A core competence has been in drawing on and developing approaches that are useful in the ‘left-brain’ job of handling the detail and getting things done but importantly forming the invaluable ‘front end’ of working out what is important and how to avoid losing a sense of what is important to ‘the life of the whole’. This enables a shift from chasing our tails in ‘symptom management’ to making shifts that embed more deep-rooted transformation. I am convinced of the compelling value of these approaches for enabling individuals and groups of people to tap into their resourcefulness and sense and respond in systemically intelligent ways.
On a corporate level, I have spent my working life working on helping empower people to develop their agency and work collaboratively within and across organisations. More recently I have been prototyping resources to build capability in this, including workshops on team-based management, planning & improvement, making collaborations work, joint strategic thinking, creating environments where people connect, stimulating & supporting collaboration, to engage dispersed groups of people in taking on challenges, & making collaborative networks work, how and building enabling environments to stimulate transformation.
A footnote: The roots of my interest
My passion for this started as a child, roaming round the hills, creating wide games, building aerial runways and other adventures with a gang of kids with diverse ages and backgrounds.

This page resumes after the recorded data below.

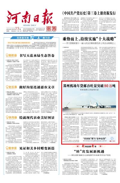 2018年,省政府、中国民航局联合发布《郑州国际航空货运枢纽战略规划》,明确了郑州机场国际航空货运枢纽的战略定位。在“空中丝路”的引领带动下,郑州机场国际货邮吞吐量已连续多年位居全国第五,外向型特征明显。今年截至12月20日,郑州机场国际货邮吞吐量完成45.6万吨,占全部货量的57.2%,同比增长22.1%。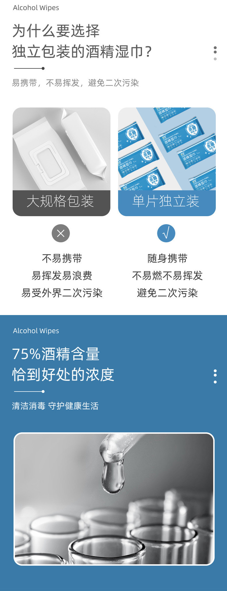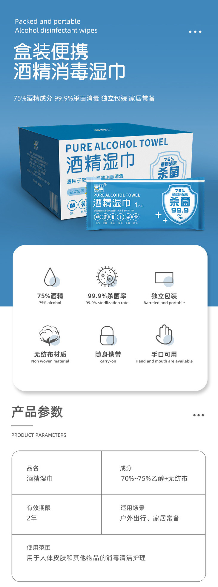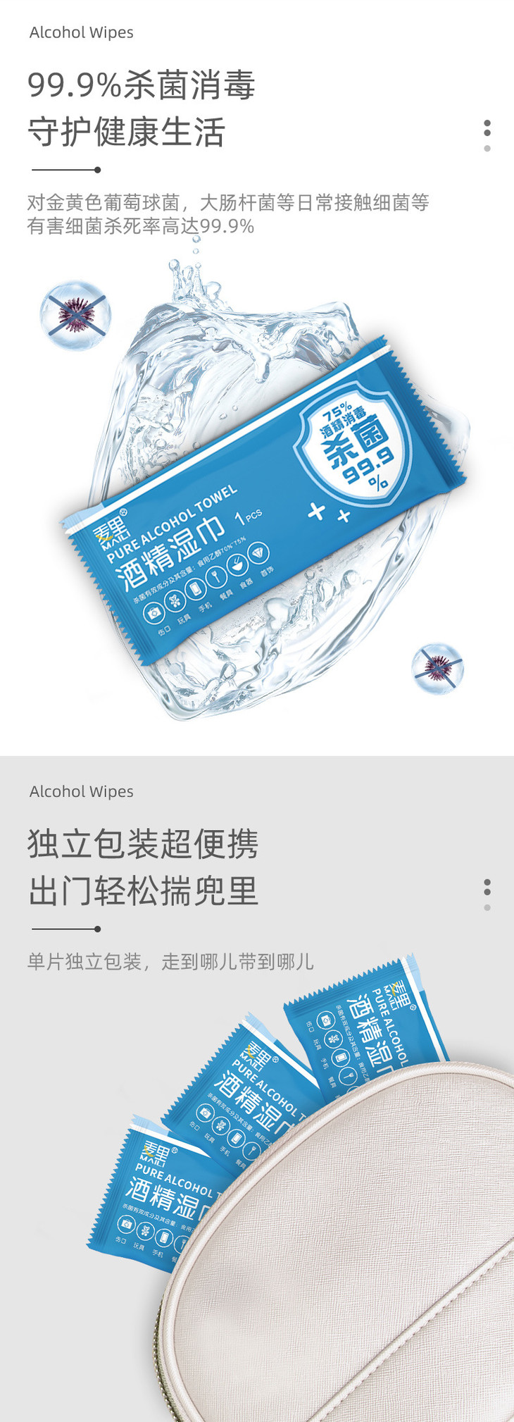 「一次性独立包装50片!随身携带」麦里75%酒精湿巾单片独立装50片居家日用携一次性手机清洁工具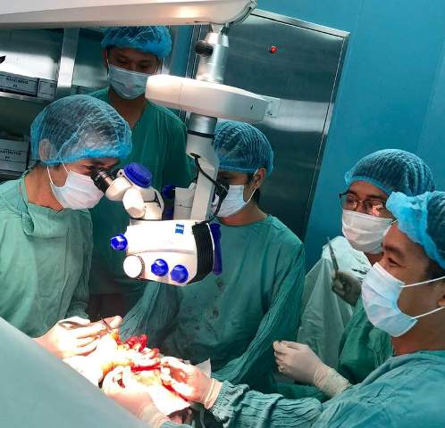 Kíp phẫu thuật gồm các bác sĩ Hồ Mẫn Trường Phú, Lê Khánh Linh, Nguyễn Thanh Sang, Đinh Thị Phương Hoài cùng kíp gây mê xúc rửa, làm sạch vết thương, lấy bỏ phần xương vỡ vụn, tiến hành kết hợp xương bằng xuyên đinh Kirschner dọc trục ngón 4 và 5; nối lại gân gấp nông và sâu ngón tay 4 và 5 theo phương pháp Adelaide bằng chỉ prolene 4.0; đồng thời bó lại bó mạch thần kinh gian ngón hai bên bằng kỹ thuật vi phẫu với sự hỗ trợ của kính hiển vi Carl Zeiss cùng chỉ prolene 9.0.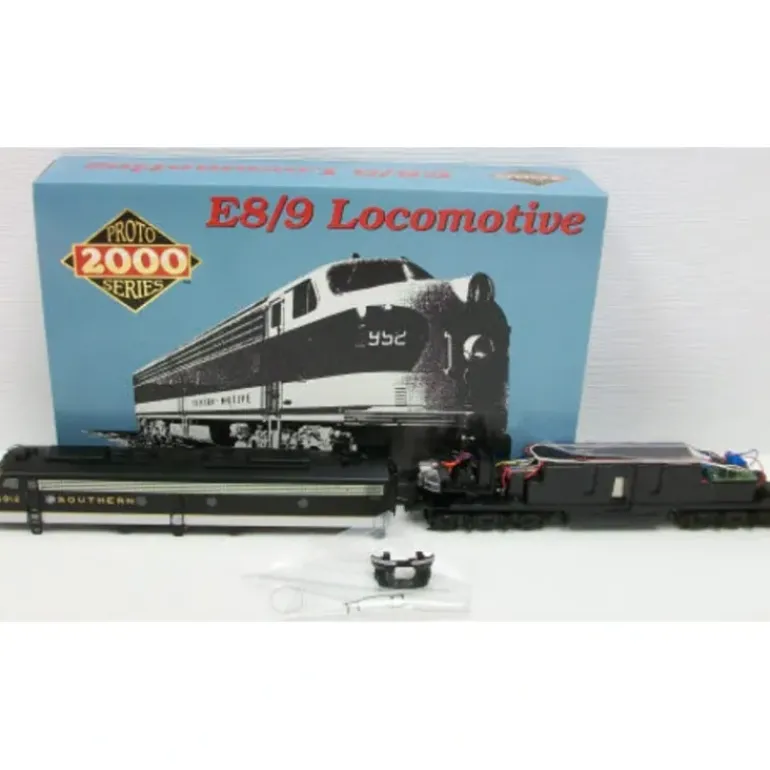 Here is a Proto 2000 21012 HO Scale Southern E8/9 Diesel Locomotive #6912. Features include finely crafted handrails, heavy die-cast chassis, DC motor with superrite anisotropic magnets, sintered bronze oiless bearings, 5 pole skew wound balanced armature motor with low amp draw, spring action trucks with enhanced 12-wheel electrical pickup, dual machined brass flywheels, operating knuckle couplers, and frame mounted universal coupler pockets.
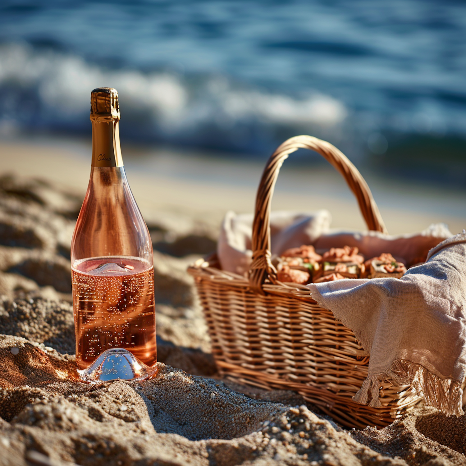 Beach picnic with rosé wine and wicker basket by the ocean, creating a serene and inviting atmosphere.

The challenges were much richer and bigger and fun together. I had (and still have) a strong interest in organising, sport & other adventurous activities and in how the world worked for everyone and combined these organising sponsored swims for Save the Children from 8 years on. I was so excited to start as a sponsored student engineer but shocked at the disenfranchisement of staff in the company that sponsored me. I resolved to focus on finding inspiring ways to take on the big challenges together.
I packed in engineering and studied business administration, specialising in systems approaches and have spent the last 25 years deepening academic and practical working knowledge of approaches to build frameworks to enable both working teams and dispersed networks of people to gain a systemic understanding of the requirements of the situation and to inspire and guide action in ways that consciously seeks to serve the bigger picture.
Much of this has been working with management teams to establish participative management processes and supporting and organizational frameworks. The two threads of supporting cross supply chain management and improvement in companies and supporting adventurous education, personal development (of body, mind & soul) and active citizenship eventually combined into a passion for ways of doing and organising life that help build a world where all can flourish.
[1] The article published on 19th August 18 states “Britain should be launching a multipronged assault on shit-life syndrome and the conditions that cause so many to die prematurely”.
[2] One definition of Civil Society is “the arena where we (come together to) pursue our own interests (or needs) and the interests of others” (Nicola Perlas, CADI), hence the vision of the CSF is to enable this; practicing and championing approaches that model this in and across sectors.